In Fuga Da Questo Paese
Che Non Sa Rispettare
Il Dolore Di Due
Genitori
Carissimo Serra,
perdere il proprio figlio unigenito, bello e buono, a 35
Anni, in piena e
promettente carriera, alla vigilia delle nozze e al termine
Di una malattia breve e
oscena, è un’esperienza che ti segna il cuore
E la mente per il resto della vita. Elaborare questo lutto è
difficilissimo. Io sono stato aiutato dal mio lavoro, mia moglie neppure
quello, ma, passati ormai cinque anni, aveva trovato un suo equilibrio. A
turbarlo è giunta, inesorabile, una cartella dell’Agenzia delle entrate per la
mancata denuncia di successione.
Ci eravamo effettivamente dimenticati che nostro figlio era
il nudo proprietario di una casetta di montagna acquistata per lui quando aveva
poco più di vent’anni. Anche uno studente del primo anno di Psicologia potrebbe
spiegare che si è trattato di un meccanismo di rimozione. Sfido chiunque ad
accettare di essere l’erede legittimo del proprio figlio.

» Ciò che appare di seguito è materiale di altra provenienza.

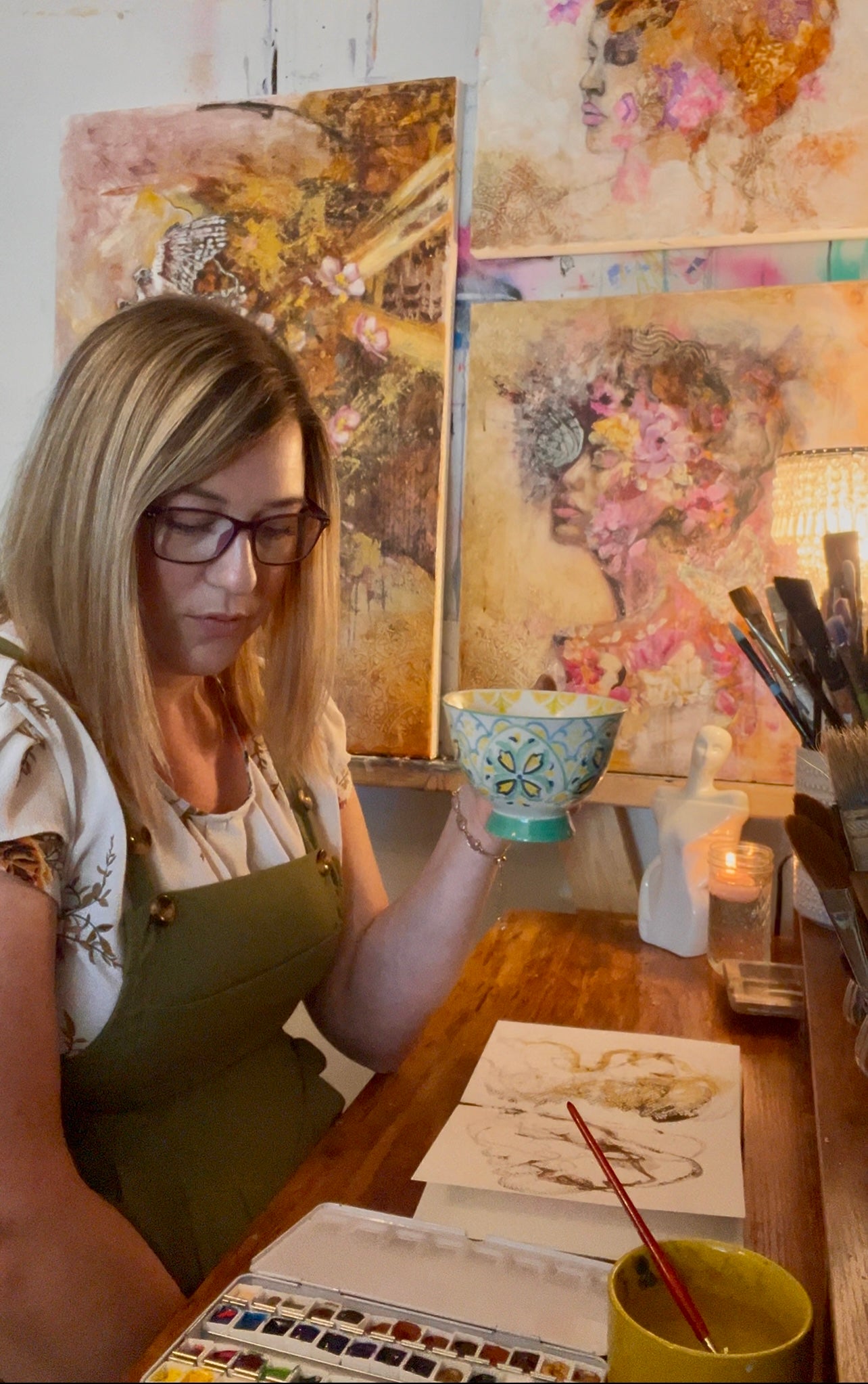 I'm an artist, mom, wife, and woman learning to embrace the beauty within the layers of life. With a background in psychology and a personal journey through silence, I've come to believe our voice is our greatest strength. Through my art and writing, I hope to help women see their own resilience, confidence, and truth reflected back at them.

Un Paese che offre uno sconto dell’ottanta per cento ai
gestori delle macchinette del videopoker, venditori di disperazione e di morte
e, contemporaneamente, trova il coraggio di chieder soldi, subito e senza
sconto, a chi sta ancora piangendo un figlio, è un Paese fatto di una materia
ignobile ed innominabile, nel quale non val la pena rimanere. Infatti ci apprestiamo a raggiungere mia
sorella ed i suoi figli e nipoti in Olanda, per vivere in un Paese più giusto e
più civile gli anni che ci restano.
Antonio e Maria
Che posso dirvi? Che
posso aggiungere? La burocrazia non è cattiva. E’ stupida. Stupida rispetto
alla materia umana, che non conosce e sulla quale imprime spesso un marchio
ottuso e crudele, come nel vostro caso. E neppure un “mi dispiace” che ti
arrivi in fondo al buco nero dove sei finito…
Capisco la vostra “fuga
in Olanda”.
Il paragone che fate è
di cocente, odiosa ingiustizia: una piaga sociale devastante (l’azzardo
capillare, nei bar, a ogni angolo di strada) viene sopportata e in buona misura
assistita da poteri pubblici ciechi e sordi, o complici di chi specula sulla
rovina umana; mentre contro di voi, e contro il vostro grande e innocente
dolore, arriva un colpo d’ascia del quale non riuscite a darvi ragione.
Vi abbraccio entrambi,
posso solo condividere la vostra impotenza e, per fortuna, anche lo spirito
citale che vi conduce lontano, a sperare in una seconda vita. Scriveteci da
lassù, se volete, se potete, per raccontare a me e ai lettori se ci manca
almeno qualcosa, di questo nostro inutilmente amato Paese.